From the first line to the last, transcribe the data exactly and skip the pictures.

Entries provided section start

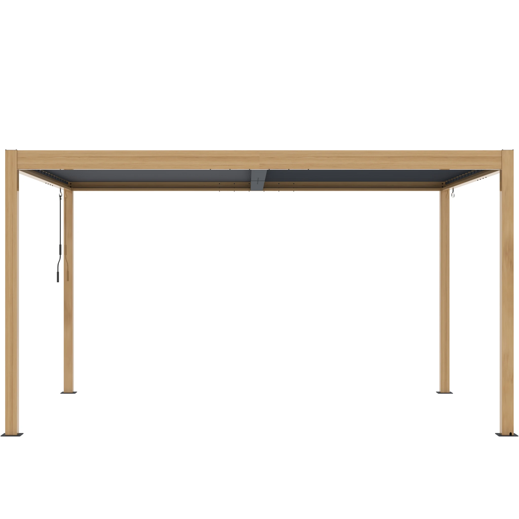 Esta pérgola NO es de madera (es de acero galvanizado y aluminio); está acabada en color madera de altísima calidad, resistente y duradera durante muchos años.
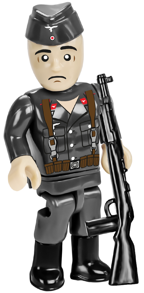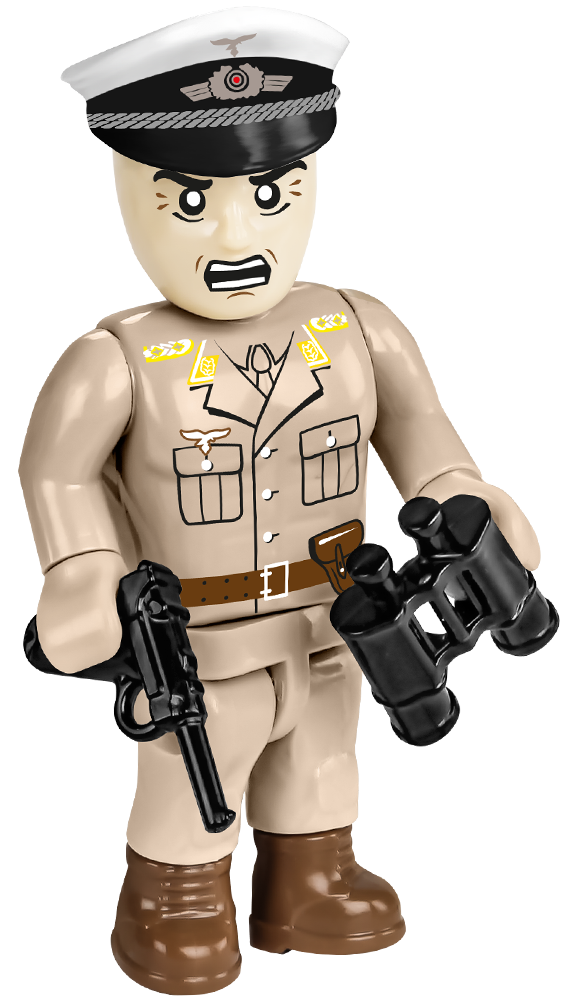 ✅ ,W zestawie znajdują się trzy figurki. Żołnierz Luftwaffe, żołnierz piechoty Wehrmachtu oraz dodatkowa figurka oficera Afrika Korps. Figurki wyposażone są w akcesoria takie jak klockowe zasobniki, broń i nakrycia głowy..
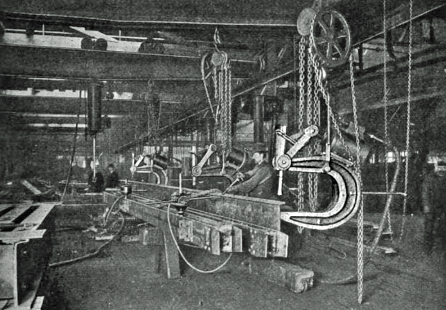 Over the years, the focus of the written history of the Golden Gate Bridge was on the spectacular erection of the 70,000-ton towers and the spinning of wires across the Golden Gate. The words “field driven” were soon dropped from the phrase “field driven rivets” in the written record. Each 70,000-ton tower is now commonly recorded as being held together with 600,000 rivets. Actually, if the towers only had 600,000 rivets, they probably would fall down. New York’s George Washington Bridge has an estimated ten million (10,000,000) shop- and field-driven rivets, Michigan’s Mackinac Bridge an estimated five million (5,000,000) shop- and field-driven rivets. Vast walls of rivets can be seen inside and outside the Golden Gate Bridge towers in rare fabrication shop photographs, rivets driven in nearly every square foot of these massive steel towers. Shop rivets were driven with large pneumatic riveters operated by shop craftsmen, their history rarely recorded, their story and industrial tools rarely exhibited in museums.
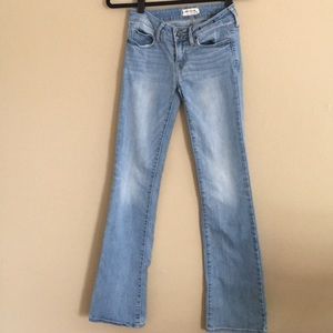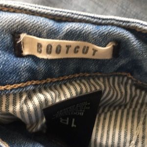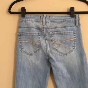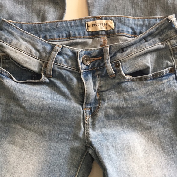 Measurements from waist (end to end) is 12 1/2inches. Rise from bottom of crotch to waistline (above button) is 7inches and the inseam from crotch to end of jean (length) is 30inches. Ankle is 7 1/2 inches
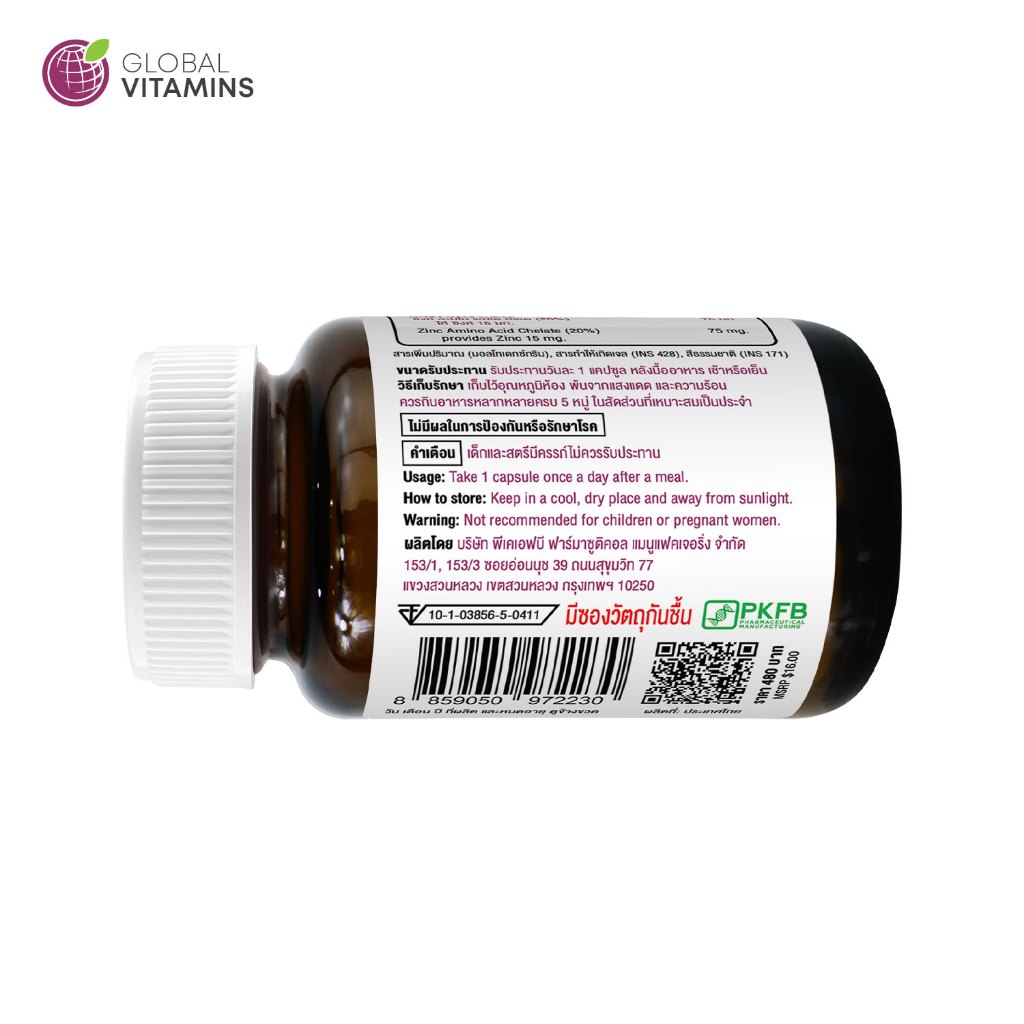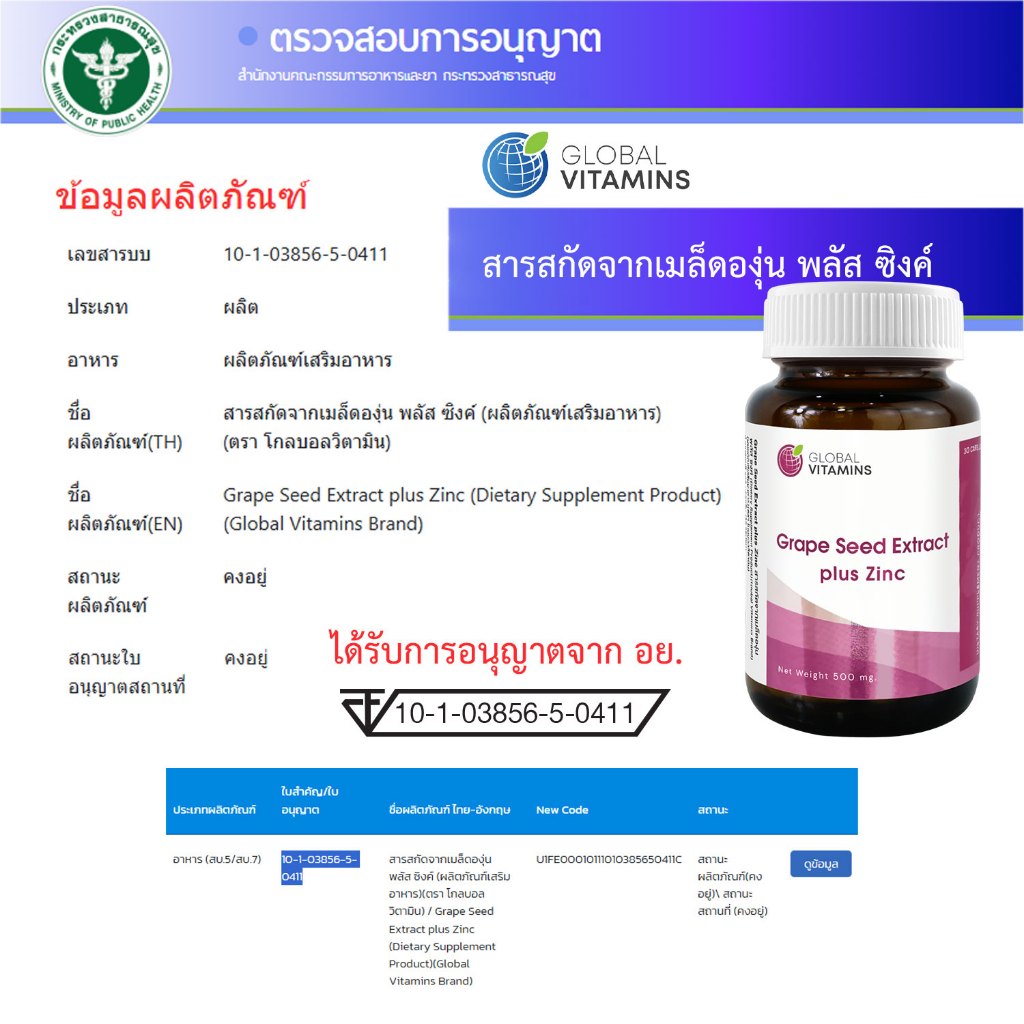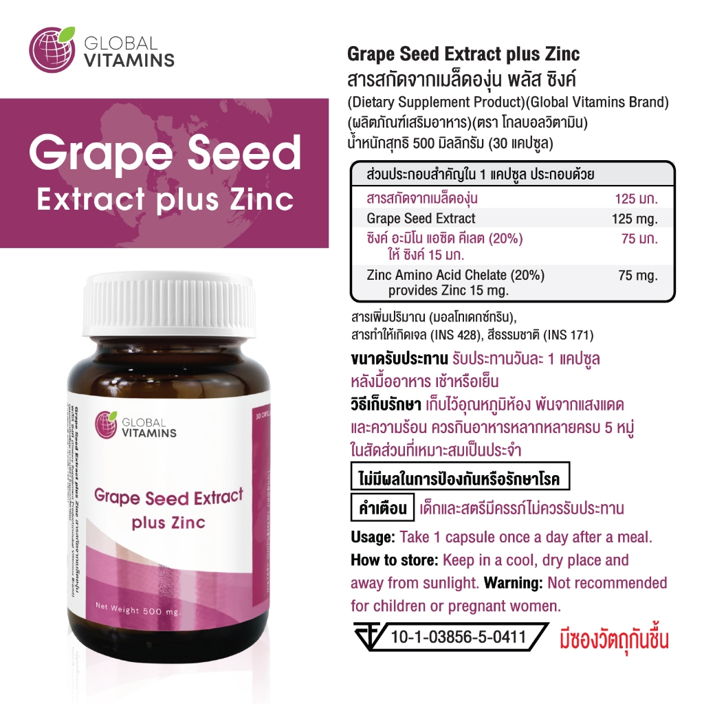 [แพ็ค 3 ขวด] เกรปซีด โกลบอลวิตามิน เกรปซีดพลัส Grape Seed Extract plus Zinc Global Vitamins เกรปซีดพลัสซิงค์ เมล็ดองุ่น
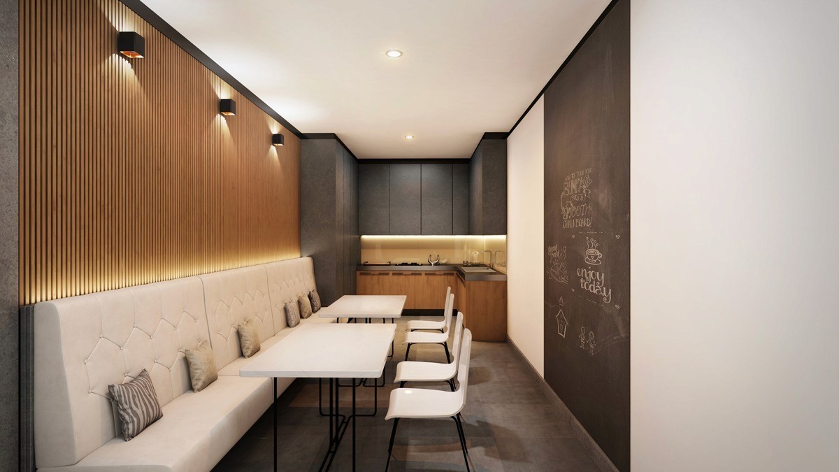 Designed as a space for staff to dine and unwind, the pantry features restaurant-style upholstered seating, wood slatted wall finishes, and a blackboard wall for informal staff interaction.

Entries provided section end

- [Exercise result]:
 Esta pérgola NO es de madera (es de acero galvanizado y aluminio); está acabada en color madera de altísima calidad, resistente y duradera durante muchos años.
 ✅ ,W zestawie znajdują się trzy figurki. Żołnierz Luftwaffe, żołnierz piechoty Wehrmachtu oraz dodatkowa figurka oficera Afrika Korps. Figurki wyposażone są w akcesoria takie jak klockowe zasobniki, broń i nakrycia głowy..
 Over the years, the focus of the written history of the Golden Gate Bridge was on the spectacular erection of the 70,000-ton towers and the spinning of wires across the Golden Gate. The words “field driven” were soon dropped from the phrase “field driven rivets” in the written record. Each 70,000-ton tower is now commonly recorded as being held together with 600,000 rivets. Actually, if the towers only had 600,000 rivets, they probably would fall down. New York’s George Washington Bridge has an estimated ten million (10,000,000) shop- and field-driven rivets, Michigan’s Mackinac Bridge an estimated five million (5,000,000) shop- and field-driven rivets. Vast walls of rivets can be seen inside and outside the Golden Gate Bridge towers in rare fabrication shop photographs, rivets driven in nearly every square foot of these massive steel towers. Shop rivets were driven with large pneumatic riveters operated by shop craftsmen, their history rarely recorded, their story and industrial tools rarely exhibited in museums.
 Measurements from waist (end to end) is 12 1/2inches. Rise from bottom of crotch to waistline (above button) is 7inches and the inseam from crotch to end of jean (length) is 30inches. Ankle is 7 1/2 inches
 [แพ็ค 3 ขวด] เกรปซีด โกลบอลวิตามิน เกรปซีดพลัส Grape Seed Extract plus Zinc Global Vitamins เกรปซีดพลัสซิงค์ เมล็ดองุ่น
 Designed as a space for staff to dine and unwind, the pantry features restaurant-style upholstered seating, wood slatted wall finishes, and a blackboard wall for informal staff interaction.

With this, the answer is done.